_PROBLEM_:
Return every line from the one with "L’abattage d’un arbre" through the one with "Penis Enlargement Glans", inclusive, exactly as it appears below.
======== SOURCE DATA
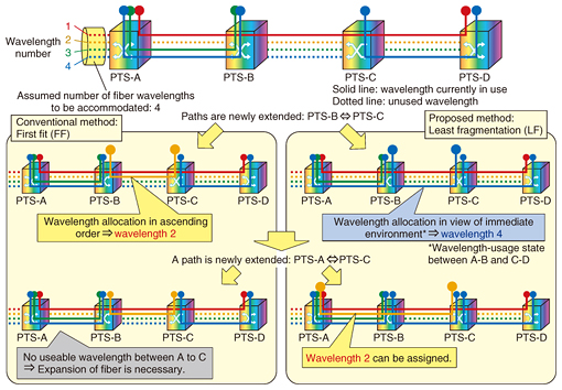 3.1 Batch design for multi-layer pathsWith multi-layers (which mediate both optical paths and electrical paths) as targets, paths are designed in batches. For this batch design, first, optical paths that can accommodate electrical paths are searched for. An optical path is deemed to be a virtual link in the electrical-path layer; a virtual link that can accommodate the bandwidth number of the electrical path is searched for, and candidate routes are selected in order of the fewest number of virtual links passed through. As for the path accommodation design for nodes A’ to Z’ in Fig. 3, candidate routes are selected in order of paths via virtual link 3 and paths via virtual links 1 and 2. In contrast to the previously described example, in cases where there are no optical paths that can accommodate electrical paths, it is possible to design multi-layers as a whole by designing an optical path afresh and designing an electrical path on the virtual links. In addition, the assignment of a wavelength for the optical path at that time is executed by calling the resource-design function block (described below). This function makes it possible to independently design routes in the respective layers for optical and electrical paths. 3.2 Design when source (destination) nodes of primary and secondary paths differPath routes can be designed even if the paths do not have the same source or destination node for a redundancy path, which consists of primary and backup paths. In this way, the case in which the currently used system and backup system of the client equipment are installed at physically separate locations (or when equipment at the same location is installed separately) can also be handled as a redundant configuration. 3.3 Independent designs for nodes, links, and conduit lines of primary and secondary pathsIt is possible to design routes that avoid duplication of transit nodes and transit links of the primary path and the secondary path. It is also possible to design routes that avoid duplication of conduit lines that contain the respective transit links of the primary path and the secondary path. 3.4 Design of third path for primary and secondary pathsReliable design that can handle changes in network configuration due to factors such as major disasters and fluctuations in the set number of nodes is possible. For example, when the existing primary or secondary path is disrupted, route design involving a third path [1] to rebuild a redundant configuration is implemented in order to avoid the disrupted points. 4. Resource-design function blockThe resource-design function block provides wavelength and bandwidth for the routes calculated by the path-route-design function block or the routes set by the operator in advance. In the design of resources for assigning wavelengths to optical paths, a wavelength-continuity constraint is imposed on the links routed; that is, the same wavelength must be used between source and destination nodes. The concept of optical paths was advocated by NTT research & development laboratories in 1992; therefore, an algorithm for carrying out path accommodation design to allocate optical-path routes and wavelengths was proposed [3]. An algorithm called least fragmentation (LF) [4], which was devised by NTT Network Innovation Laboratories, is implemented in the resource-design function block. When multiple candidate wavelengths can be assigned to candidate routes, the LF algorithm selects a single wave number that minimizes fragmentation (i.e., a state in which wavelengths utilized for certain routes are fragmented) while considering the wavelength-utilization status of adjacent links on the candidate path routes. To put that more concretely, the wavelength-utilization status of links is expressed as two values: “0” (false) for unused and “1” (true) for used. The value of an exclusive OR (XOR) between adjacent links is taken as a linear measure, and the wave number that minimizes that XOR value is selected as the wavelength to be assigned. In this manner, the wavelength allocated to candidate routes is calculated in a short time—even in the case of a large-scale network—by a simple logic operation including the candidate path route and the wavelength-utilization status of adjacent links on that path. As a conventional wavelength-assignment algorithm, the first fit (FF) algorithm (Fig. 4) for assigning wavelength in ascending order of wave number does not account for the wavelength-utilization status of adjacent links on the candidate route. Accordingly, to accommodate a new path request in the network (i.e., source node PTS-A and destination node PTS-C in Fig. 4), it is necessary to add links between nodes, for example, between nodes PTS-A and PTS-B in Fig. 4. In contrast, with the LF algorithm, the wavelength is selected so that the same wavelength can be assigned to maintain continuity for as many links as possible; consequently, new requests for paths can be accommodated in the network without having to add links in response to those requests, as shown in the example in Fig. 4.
================
======== SOURCE DATA
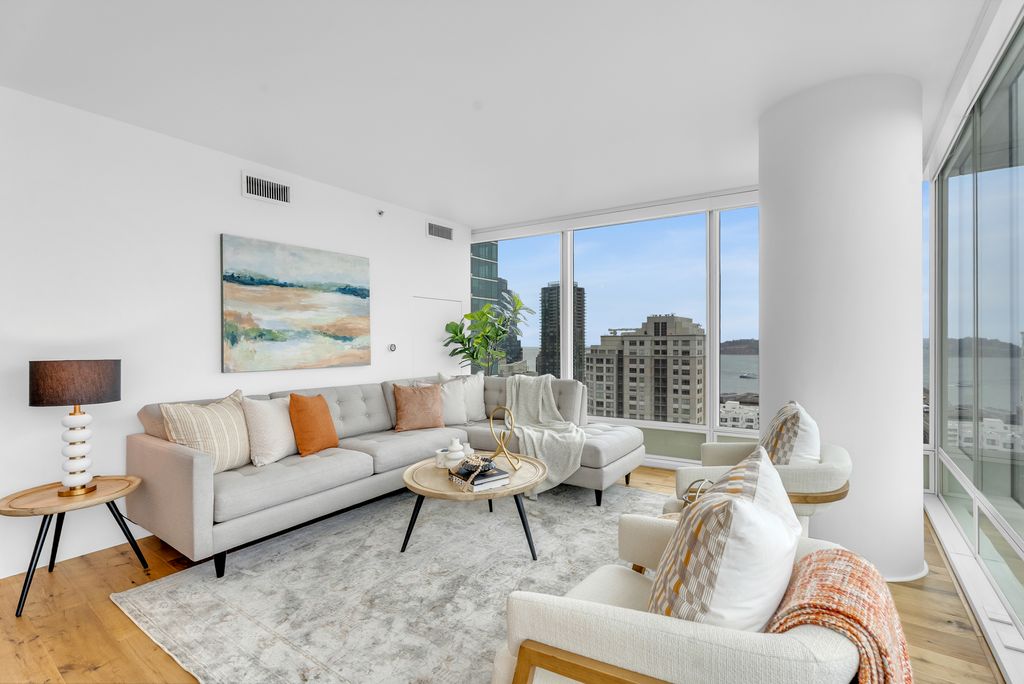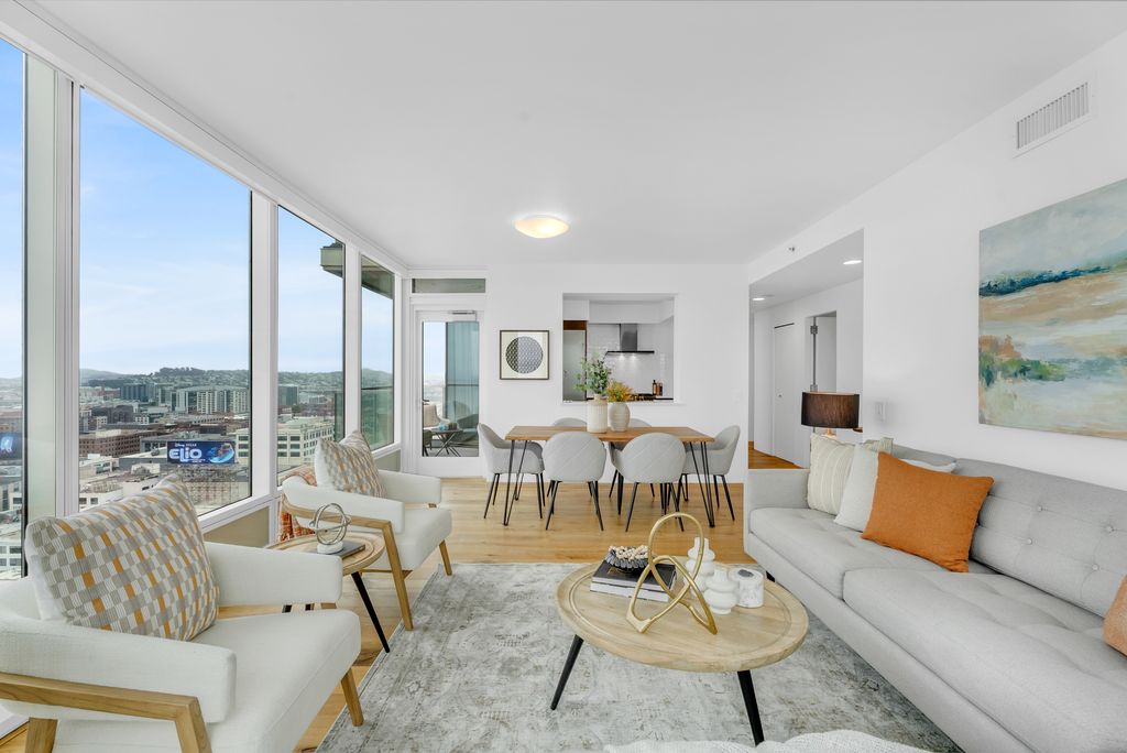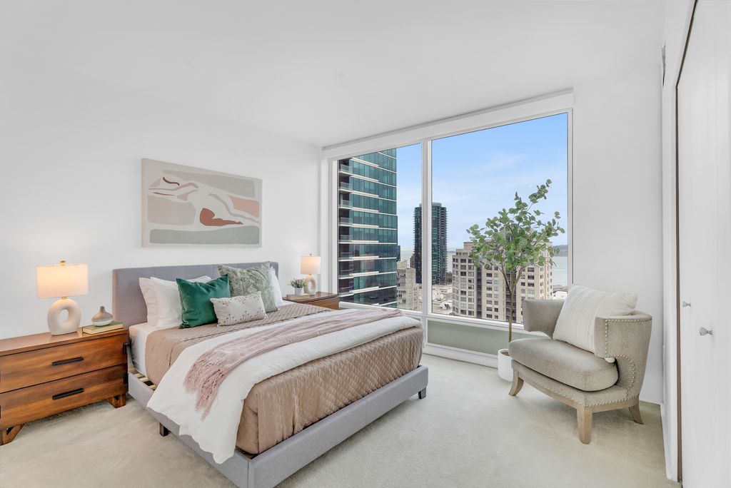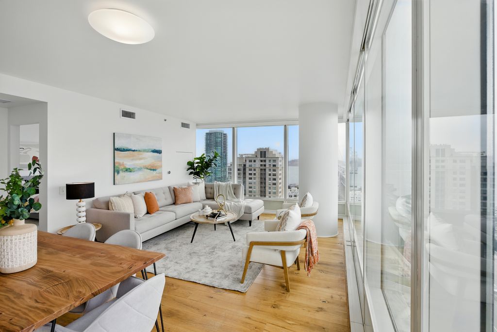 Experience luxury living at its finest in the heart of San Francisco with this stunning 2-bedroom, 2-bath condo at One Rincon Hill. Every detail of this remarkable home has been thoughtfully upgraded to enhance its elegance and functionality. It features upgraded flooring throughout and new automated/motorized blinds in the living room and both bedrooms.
================
======== SOURCE DATA
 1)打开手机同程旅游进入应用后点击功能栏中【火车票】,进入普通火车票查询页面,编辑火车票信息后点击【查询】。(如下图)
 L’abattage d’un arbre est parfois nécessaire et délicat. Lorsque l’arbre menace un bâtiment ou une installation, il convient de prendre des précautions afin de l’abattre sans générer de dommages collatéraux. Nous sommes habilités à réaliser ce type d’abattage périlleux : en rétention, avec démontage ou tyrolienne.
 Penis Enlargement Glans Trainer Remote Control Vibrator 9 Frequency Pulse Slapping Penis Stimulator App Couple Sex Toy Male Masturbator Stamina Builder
================
_SOLUTION TO THE EXERCISE_:
 L’abattage d’un arbre est parfois nécessaire et délicat. Lorsque l’arbre menace un bâtiment ou une installation, il convient de prendre des précautions afin de l’abattre sans générer de dommages collatéraux. Nous sommes habilités à réaliser ce type d’abattage périlleux : en rétention, avec démontage ou tyrolienne.
 Penis Enlargement Glans Trainer Remote Control Vibrator 9 Frequency Pulse Slapping Penis Stimulator App Couple Sex Toy Male Masturbator Stamina Builder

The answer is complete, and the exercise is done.